I have to echo what you have been told by the last to gracious members here in their reponse posts.

It has been said many times in numerous threads "We do not own another individual", "We have not right to keep such a life altering thing from them because we rationalize it's for there own good" "Communicate , communicate, communicate."

Holding out and holding back as time marches on so a bond grows strong enough to with stand is not only unfair but selfish and shows a lack of trust in ones love and devotion to an open, honest, trusting and forgeiving marriage." As for telling other family and friends that's different, that comes later. It comes when both you and her are ready and strong enough to stand what ever flies from others knowing this secret. Because you have promiced to each other till death do you part you owe her the respect to that promice and to the trust you should have grown even stronger through the daily living as man and wife to not hold anything back.  You don't have these same sworn promices or contract of marriage with other family and friends. With them it's a different respect that requires honoring your spouse first, then letting the rest in on the loop of things when both are ready. When a couple marry they are one they become a unit. There for what ever is happening to one is happening to the other in what every area of the marriage arena of life. Respect for the arena of life requires you to just share what ever you are feeling and needing and allow the other to administer to those needs. Which will require a response of administering to her needs as you both go through this. This is the only way to have the richest life and full marriage with gratitude that will ignite love and passion and a connection far stonger and deeper than you can imagine and will ever experience in any other relationship. This is meant for every and any issues in life together you may face not just this one.
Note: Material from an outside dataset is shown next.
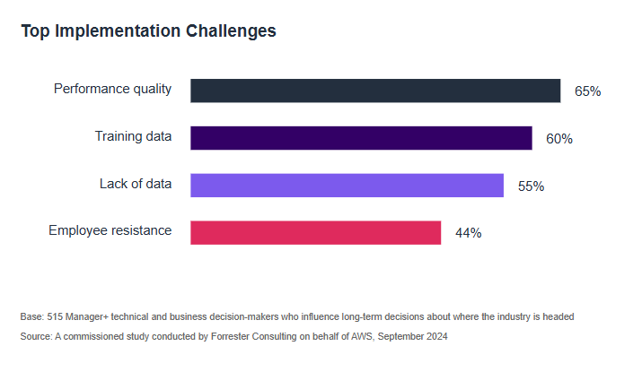 However, adoption challenges persist. The study found, as shown in Figure 2, that 65 percent of organizations struggle with poor generative AI performance and quality issues. Over half lack the necessary datasets to effectively implement generative AI solutions.
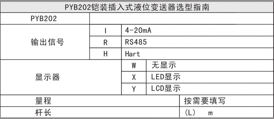 The PYB202 armored insertion liquid level transmitter is made up of high-performance diffused Silicon pressure sensors as measurement elements. The stainless steel fully welded structure is safe and reliable, and there is no leakage. Suitable for liquid level measurement of various media in petrochemical, metallurgical, electric, water supply and drainage, environmental protection and other systems and industries.

I once heard on a christian talk show If you put a couple in a room and they have the task of remodeling it ...painting, wall papering and building new areas, that if they can withstand that pressure they can with stand anything...I laughed big time because Leah and I own rental property and do this on a regular basis when renters move in and out...boy have we had a few silent evenings over issues that came up. I have often thought sence the day Leah share this secret with me over seven years ago now. How it would be wonderfull if couple in the beginnings of life plannings would go through some enrichment course that played this senerio or other health issues such dibilitating deceases or the possiblilities of a handcapt child together that would cause such stress and pressures to live through and maybe even have to choose what corse of action would it mean they had to  take. Would they be able to love and like the person they think they want to spend the rest of their life with having the insight into what that person is really made off which would show through how they chose to proceed in given senerios?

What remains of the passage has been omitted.